Alongside contemporary, historical and mythical heroes of fame, there exist a great many unsung heroes who perhaps have a more profound impact on our lives. From our parents and carers and friends to our teachers and doctors, from nurses and firefighters to journalists and activists, from those who work with the most vulnerable to the most vulnerable themselves, who survive and struggle and succeed against all of the odds - there are innumerable sources of inspiration on our doorstep.

So, what really makes a hero?

Of the people that participated in a poll I carried out on Twitter, 60% said that they had heroes and 40% said that they didn't. Some commented on their heroes. They ranged from Mahatma Gandhi and Nelson Mandela to Elon Musk and parents. One which stood out to me was:

Everyone who sees someone more vulnerable than them and sees an opportunity to help not to exploit.

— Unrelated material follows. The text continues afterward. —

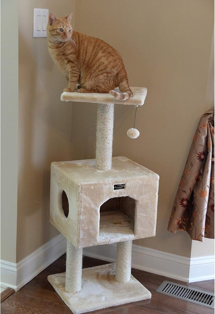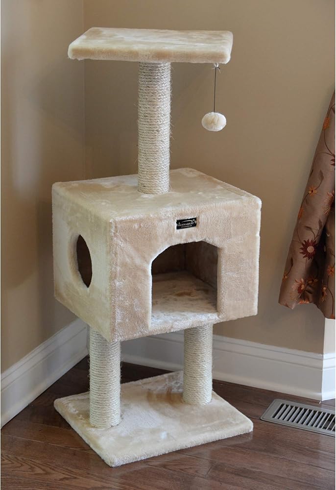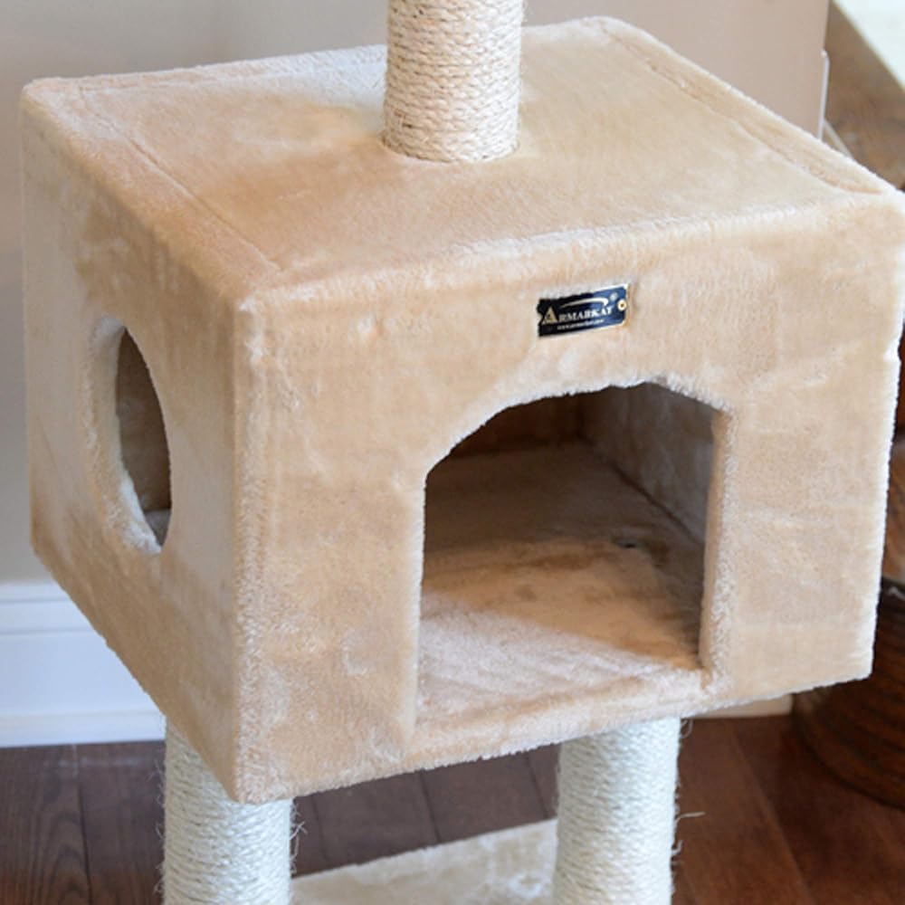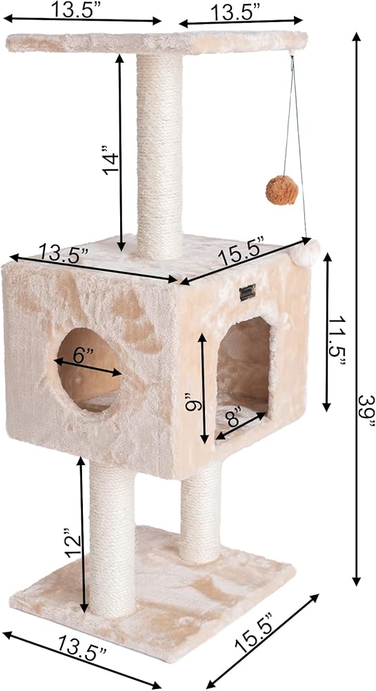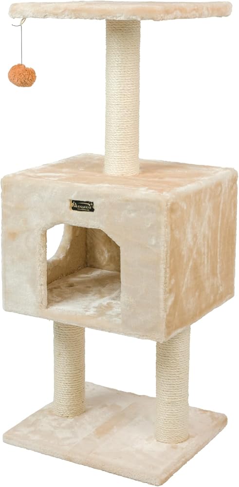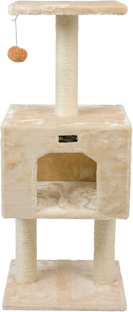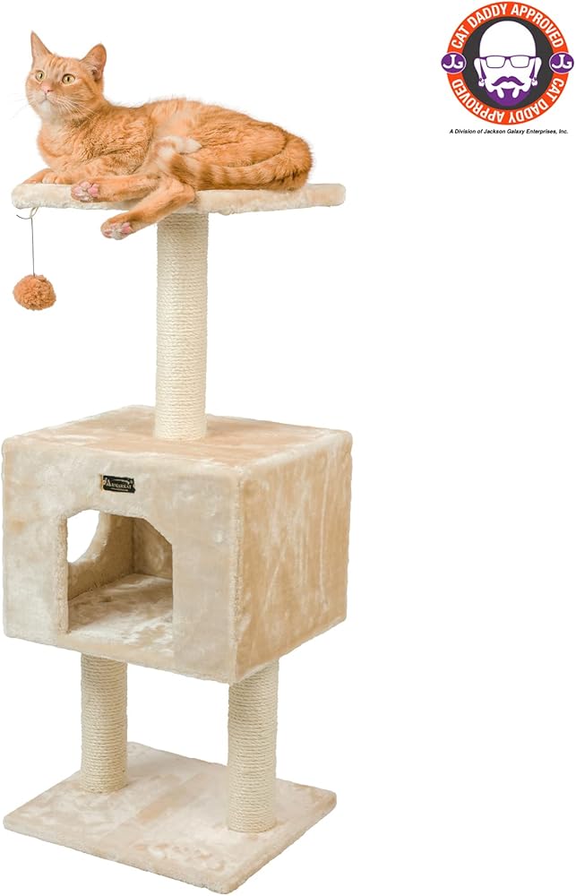 Armarkat model A4201 Classic cat tree features two levels and a roomy playhouse. This compact cat tree, available in beige, is Cat Daddy Approved by noted cat behaviorist Jackson Galaxy. F and B Bullet: Beige with high density faux fur, coverings are permanently adhered to wood structures. Well constructed of 15mm pressed wood material, making it not only thicker but stronger. 100% natural, seasoned sisal rope wraps all posts securely for years of "scratch." Dimensions: post diameter: 3"; Base: 16" x 14"; Playhouse:16"(L) x 14"(W) x 12"(H) Perch: 14" x 14" Maximum Holding Weight: 15 lbs. Six-months warranty included. Replacement parts available from manufacturer.

There were also those who explained why they didn't have heroes:

There are and have been amazing people on this planet. I admire them for their deeds and for standing against injustice. I doubt they'd want the title 'Hero'. They were doing what was necessary in their eyes at the time. The word 'Hero' is misused far too often.

I suppose that heroism, like beauty, lies in the eyes of the beholder. One person's hero may not seem worthy to another.

Personally, I do have heroes. But I try to remember, above all else, that they are only human. In some ways this makes them all the more heroic, but it also serves as a reminder that they are flawed and imperfect and, in essence, just like the rest of us. That is both inspiring as well as grounding.